— Records provided —
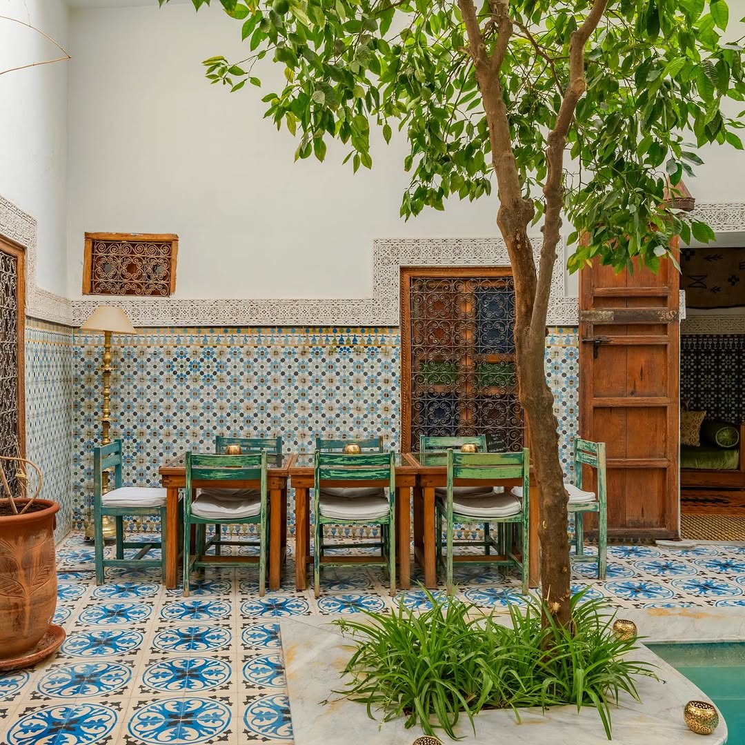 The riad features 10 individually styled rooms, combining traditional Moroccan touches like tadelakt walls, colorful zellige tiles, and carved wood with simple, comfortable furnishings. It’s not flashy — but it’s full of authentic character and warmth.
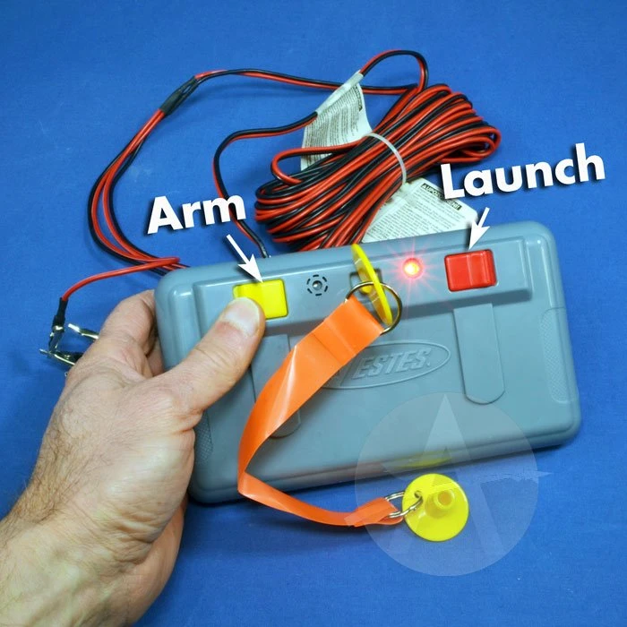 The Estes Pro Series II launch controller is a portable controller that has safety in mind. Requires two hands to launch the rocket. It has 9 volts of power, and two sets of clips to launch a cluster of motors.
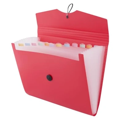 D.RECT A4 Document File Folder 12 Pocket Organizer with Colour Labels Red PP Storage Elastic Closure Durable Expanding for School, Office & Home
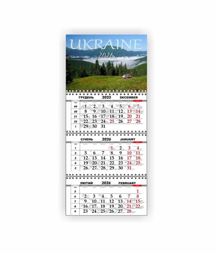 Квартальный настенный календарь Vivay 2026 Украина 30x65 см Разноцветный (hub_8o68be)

---

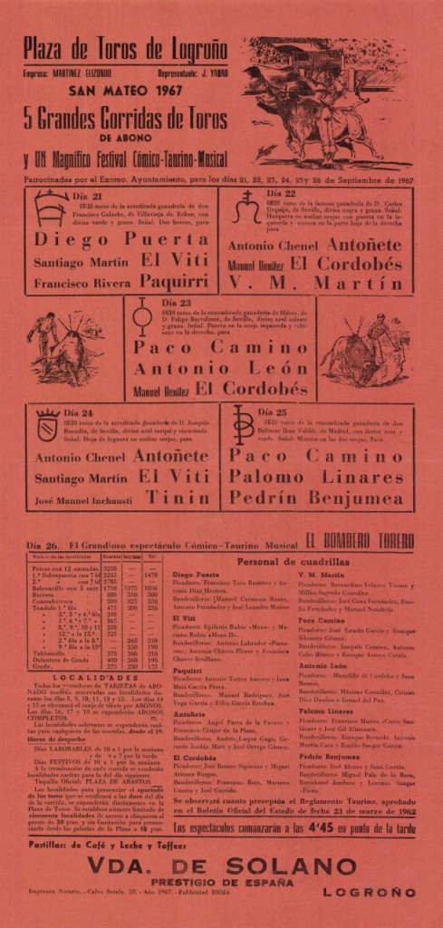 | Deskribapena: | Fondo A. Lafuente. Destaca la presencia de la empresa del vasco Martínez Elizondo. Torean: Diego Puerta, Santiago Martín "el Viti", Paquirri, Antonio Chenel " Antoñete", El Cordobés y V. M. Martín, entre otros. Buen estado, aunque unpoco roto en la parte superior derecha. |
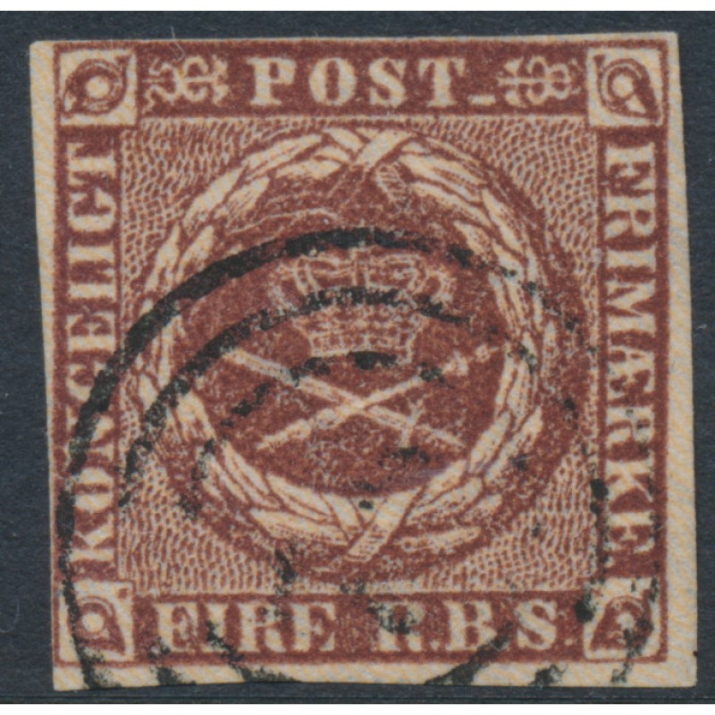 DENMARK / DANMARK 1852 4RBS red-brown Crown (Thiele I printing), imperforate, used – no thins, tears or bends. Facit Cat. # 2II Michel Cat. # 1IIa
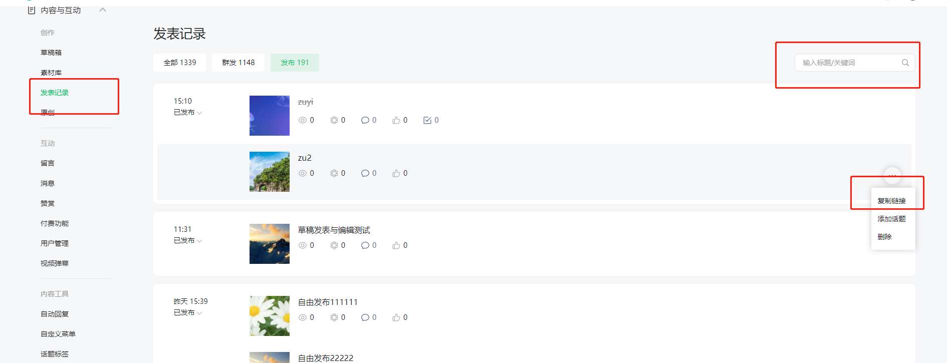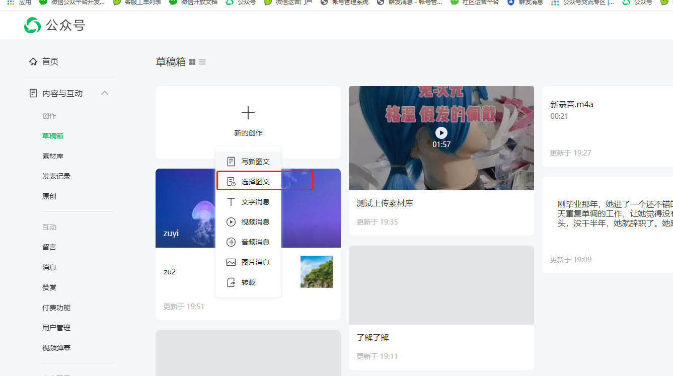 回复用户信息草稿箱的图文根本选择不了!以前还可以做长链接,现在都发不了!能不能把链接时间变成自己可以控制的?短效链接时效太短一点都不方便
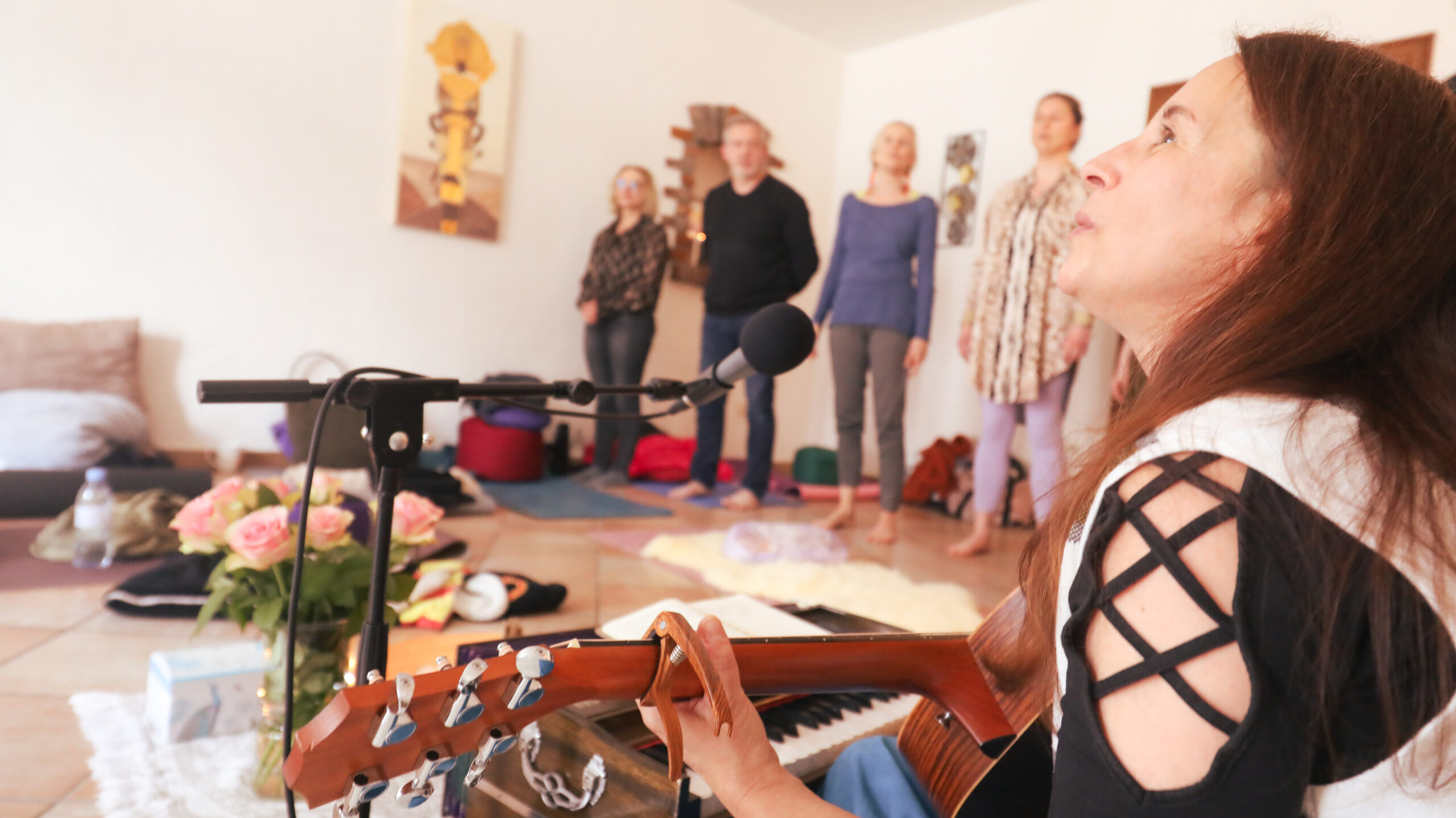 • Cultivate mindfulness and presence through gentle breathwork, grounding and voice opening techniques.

— What you should do —
Using the entries above, reproduce word for word only the lines from the one that contains "superior derecha. |" to the one that contains "voice opening techniques.", both ends included, and drop every picture.

— Response area —
 | Deskribapena: | Fondo A. Lafuente. Destaca la presencia de la empresa del vasco Martínez Elizondo. Torean: Diego Puerta, Santiago Martín "el Viti", Paquirri, Antonio Chenel " Antoñete", El Cordobés y V. M. Martín, entre otros. Buen estado, aunque unpoco roto en la parte superior derecha. |
 DENMARK / DANMARK 1852 4RBS red-brown Crown (Thiele I printing), imperforate, used – no thins, tears or bends. Facit Cat. # 2II Michel Cat. # 1IIa
 回复用户信息草稿箱的图文根本选择不了!以前还可以做长链接,现在都发不了!能不能把链接时间变成自己可以控制的?短效链接时效太短一点都不方便
 • Cultivate mindfulness and presence through gentle breathwork, grounding and voice opening techniques.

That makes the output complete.